I fi told them how much work i actually had then they would have been extra worried, extra concerned, on my back too much. I myself cant stand someone...anyone worrying about me at all. If someone worries about me i start worrying about them....coz i dont want them to worry and i start worrying about them worrying about me and i start wondering how i can stop them from worrying about me.

We'll me telling my parents everything was alright and i didn't have as much homework as i really did, put htme at ease. But because i told them i didn't have that much homework, etc, they would put extra pressure on me by wanting me to do other things such as jobs around the house....when i got this big assignment due in the morning and i'm really rushed for time.

But constantly lying for 2 years about my homework, school work turned me into an excellent lier elsewhere too, being able to remember every single lie i was telling, and making sure all my other lies or the truth wouldn't interfere with those lies, thus exposing me as a liar....Never stuffed up once...but got close a couple of times...quick thinking just to get away with some of it.



Anyways the last year of high shool was really really stressful on me, had a bit of a break down because i was soo stressed. Too many things to do at school, home, work, the lying didn't help out either...jsut made it more stressful..and more late nights. My parents didn't like me staying up at night to do schoolwork...and i had to do schoolwork in my bed with a torch some nights so my parents wouldn't know i was lying to them about schoolwork, and wouldn't see me staying up at night doing it.

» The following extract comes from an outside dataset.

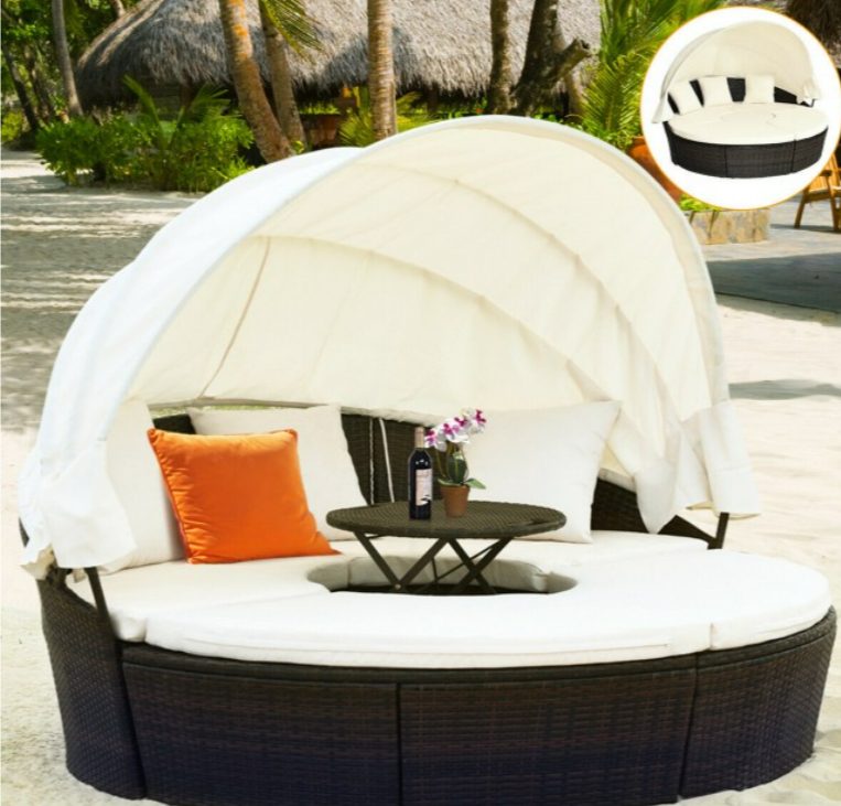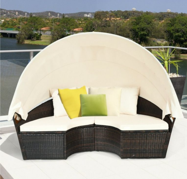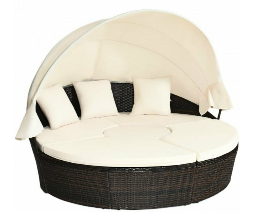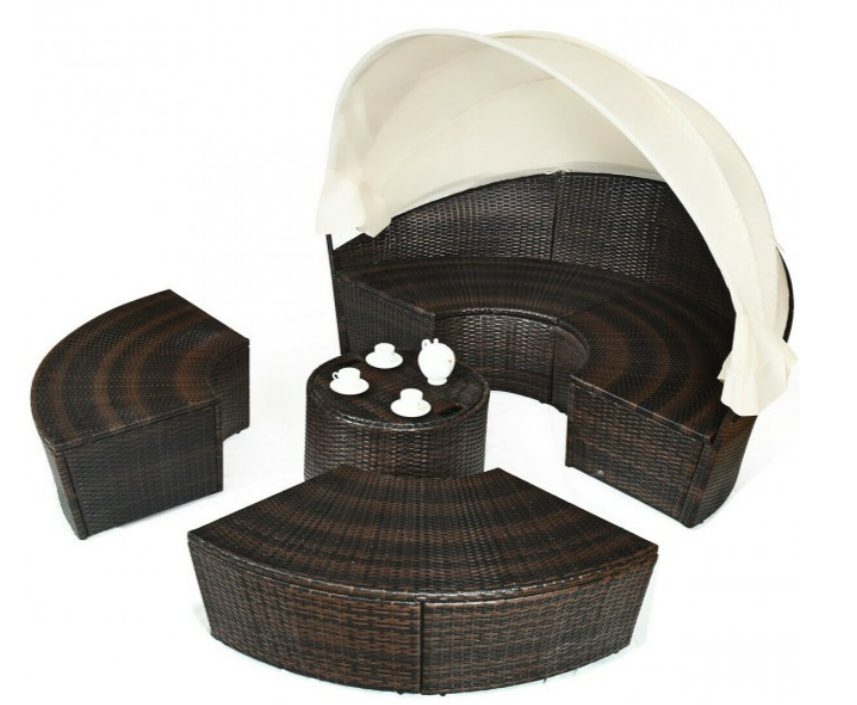 Patio Round Daybed Rattan Furniture Sets with Canopy

Anyways while telling lies did have a few drawbacks....It had more positive aspects for me. The only bad thing about lying is getting caught.....So DONT get caught is all i have to say.

Another thing is dont lie if u can....to your friends....coz if your found out to talk heaps of #..and lie to ur friends...right to thier faces...it sure as hell hurts deep down inside...and trust...starts to disappear....i speak on experience....not me lying to friends...but them lying to me.